Today's letter is the first time since Mr Brown delegated responsibility for setting interest rates to the Bank of England in 1997 that such a letter has had to be written – a point Mr King is keen to emphasise.
"I am surprised that it has taken ten years and 120 meetings of the MPC before a deviation from inflation from target sufficient to trigger a letter has arisen," he writes.
"When the MPC was set up in 1997 the chances of going almost ten years without an open letter being triggered seemed negligible."
Explaining why he had allowed inflation to diverge away from the three per cent upper threshold, Mr King said that he had been directed by Mr Brown ten years ago to avoid distorting the UK economy in ways which could provoke "shocks and disturbances".
He outlined a series of factors which placed upward pressure on inflation in recent months, including recovering spending in the UK economy, sharp domestic energy price increases and increased capacity pressures.

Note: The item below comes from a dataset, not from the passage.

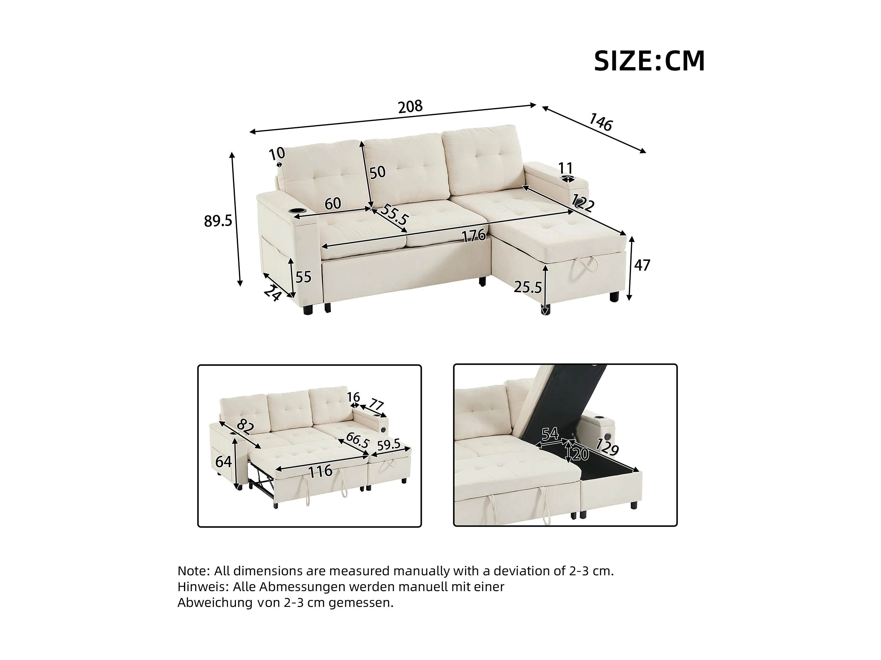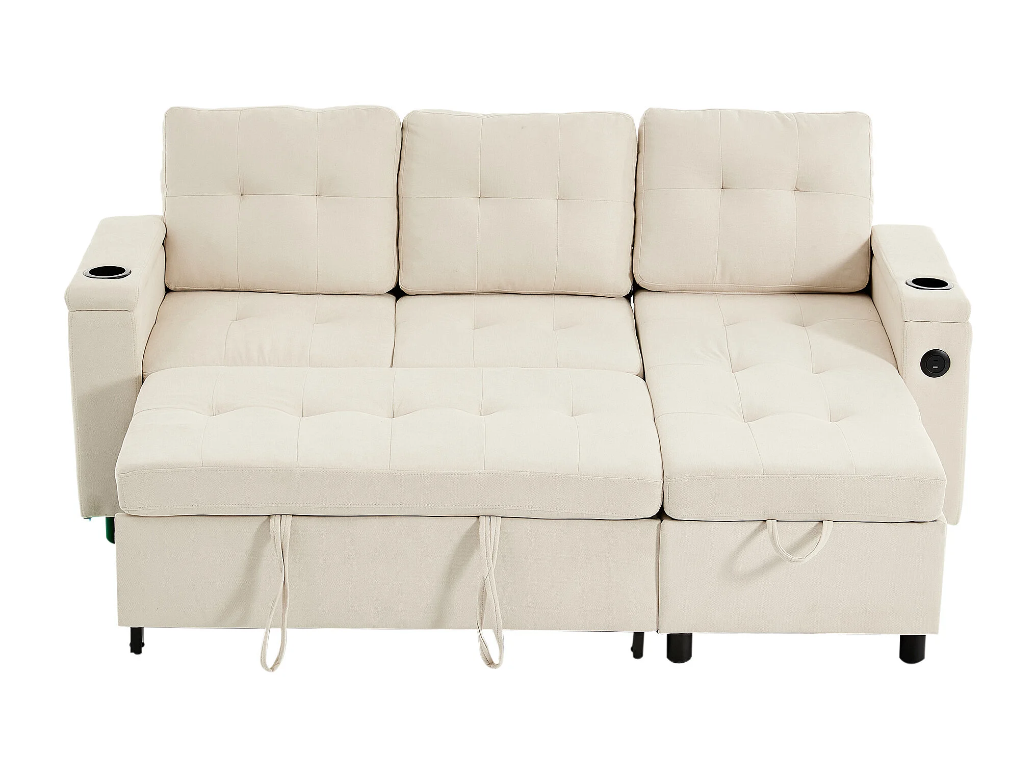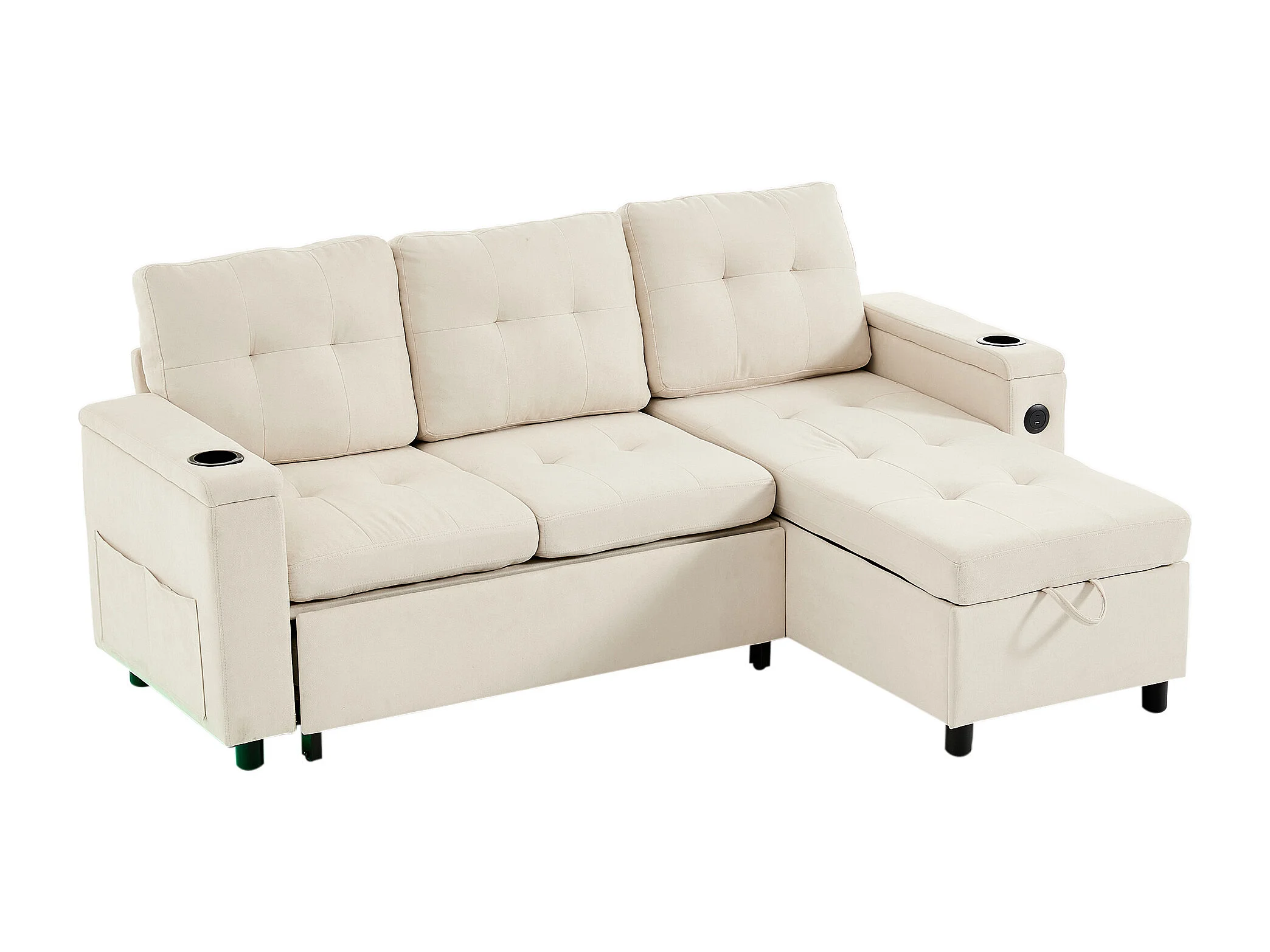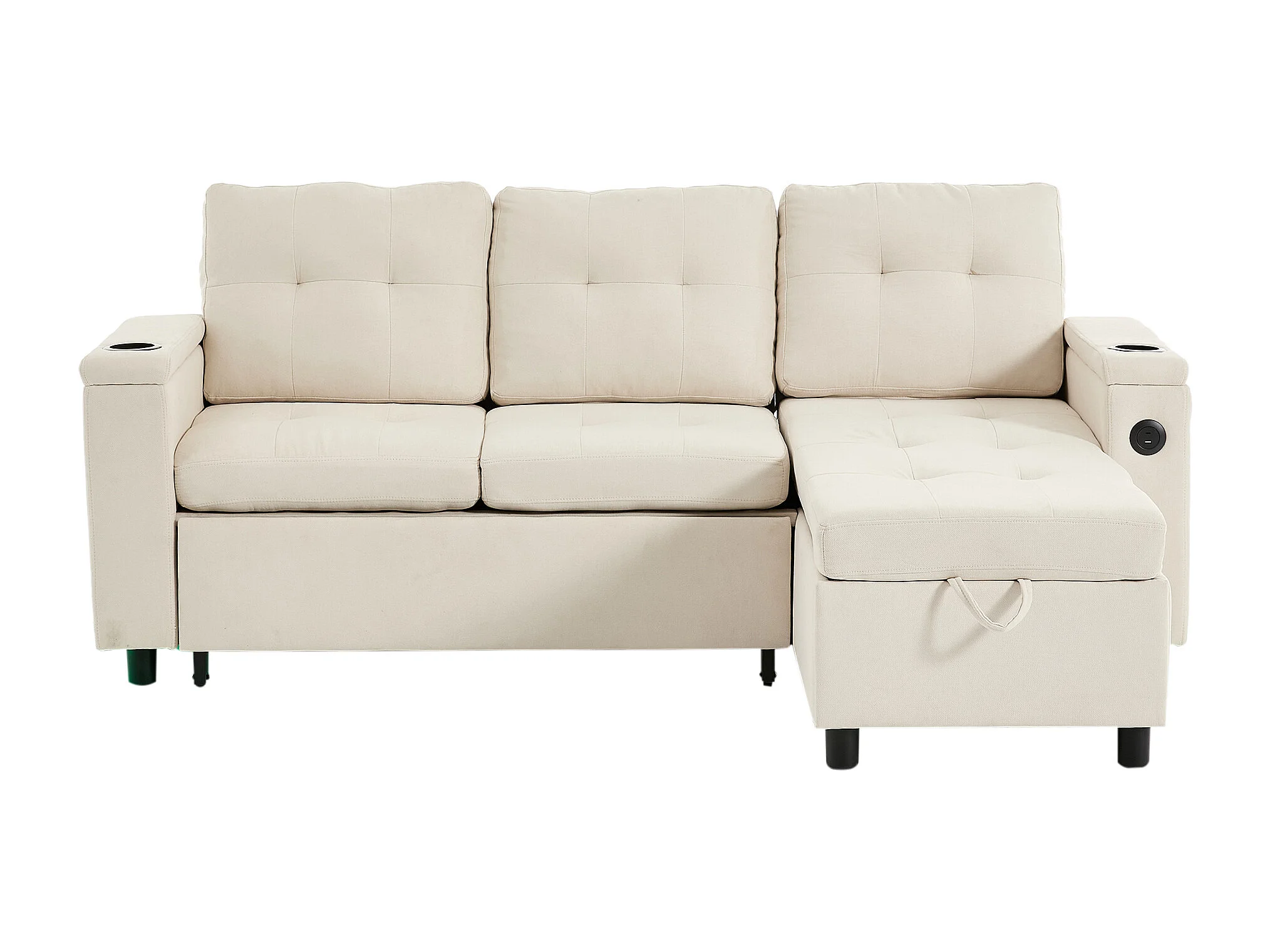 Canapé d'angle convertible 3 places avec LED, rangement, ports USB - Tissu beige

In the short term, higher petrol prices, a record increase in furniture and furnishings and retailers putting up prices prior to Easter discounting contributed to the March figure, Mr King explained.
Despite these failures Mr King wrote that the MPC would "continue to look through the short-term volatility in inflation" to the anticipated fallback to the two per cent target by the end of the year.
Whether that will prevent the MPC from raising interest rates when it next meets remains to be seen.
Analysts have said it seems almost inevitable that the MPC – already uncertain as to whether a hike will be necessary before the expected falloff takes place – will raise rates from their current 5.25 per cent in May's decision.